Often Ignored Major Attraction at the World's Columbian Exposition
La Rabida, on the water that was nothing but swampland before Frederick Olmstead and his firm took on the monumental task of creating a grand site, was perhaps the most unobtrusive building at the World's Columbian Expo.
It didn't have the architectural impressiveness of the grand buildings of the fair nor could it compete with the creativeness and myriad architectural designs in the state, territory and country buildings.
La Rabida was a modest looking structure and inside, despite its historic displays and artifacts, was miniature in comparison totbhe massive buildings on the world's fair site. And inside it was a pleasant walk through a late 19th century museum. It was like one you might find as a modest history museum in a any number of cities in the U.S. But wasn't like the major museums in major cities; it was what you would expect to find on a vacation or a research trip.
The building was simple because it was a replica of a monastery where Columbus once stayed. Inside was a relatively small (again, compared to the gigantic grand buildings for each distinctively different structures and displays) compared to the Manufactures & Liberal Arts Building (the largest in the world!), and those devoted to electricity, transportation, fisheries and so on.

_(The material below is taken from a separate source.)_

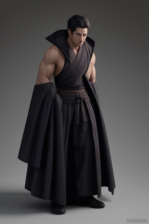 A male with short black hair, bronze skin, and strong build. Wear black Chinese robes and black trousers. FHD, masterpiece, realistic style.
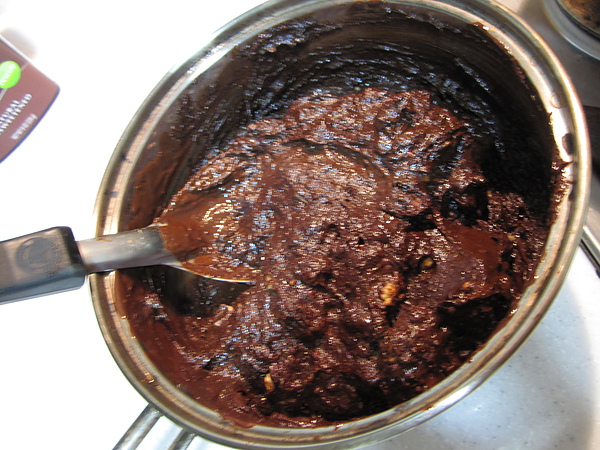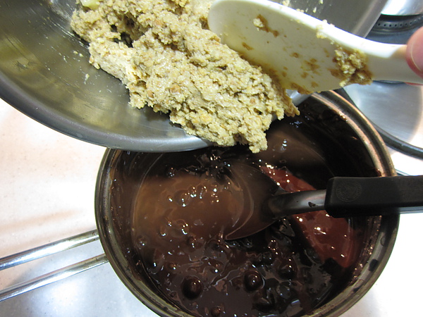 6. 待巧克力融解後,即可將拌勻的香蕉泥餅乾拌入攪勻。

La Rabida was in a class with dozens of smaller exhibits; but the collection could;should have been turned into a book to be sold worldwide, not just as the guidebook shown here available to fairgoers.

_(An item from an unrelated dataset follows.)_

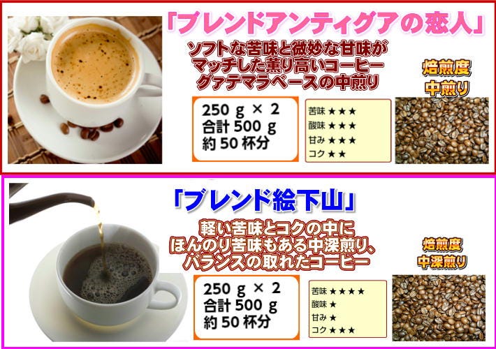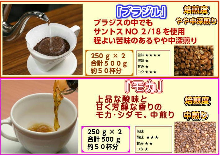 | 3 | ブラジル | 。(250g×2/合計500g/約50杯分)なブラジルはブレンドのベースになる豆です。酸味はほとんどなく、苦味とコクのあるコーヒーです。当店では中深煎りで仕上げています。 |

The fair management did an excellent job of educating the public and giving them the tools (such as this guidebook) to get the most out of the largest to the smallest attractions. In my 40+ years researching, writing about and selling Columbiana I discovered this wonderful smaller museum-like building. With so much to see and with most visitors having some limits on the time they could afford at the fair, La Rabida was (for the most part) a ways down most lists of what to see in "only"a couple of weeks.
I can see how I, as a nerd student of history, might well have had to choose between one of the grand buildings or La Rabida on my last day, I would have chosen the larger building to be sure I got the maximum time I had left.
So, here is a nice guide for a walk through La Rabida including the history of the building/monastery. Fair figures were not tallied specifically by attendence at exhibits, villages and buildings. They were tallied by sales to visitors, but that was a partially inadequate mode of comparison. not much was spent here, but this book(let)
provides an excellent walk-through and tally of the items included. these included Columbus signed documents and information about all three of his voyages to America.
If you consider yourself a serious student of the history of Columbus the man and the explorer, this was the place to get it. And this is the book that tells you exactly what artifacts were on display.
I have found over the years that more than a few collectors have built a nice library of the guides to exhibits and buildings. This doesn't look like a mate to other Conkey published guides by building and genre, but it belongs next to the many others for buildings, areas of the fair and so on.
This is one of the rarer guides from all of the areas of the expo. It is one I sought out years ago when researching the books I was writing and I was more than a little pleased to find this one just as I was aassembling the best (and thus most accurate) of the many guides published as "official" by fair management, and dozens of others for single exhibits, entire buildings and more.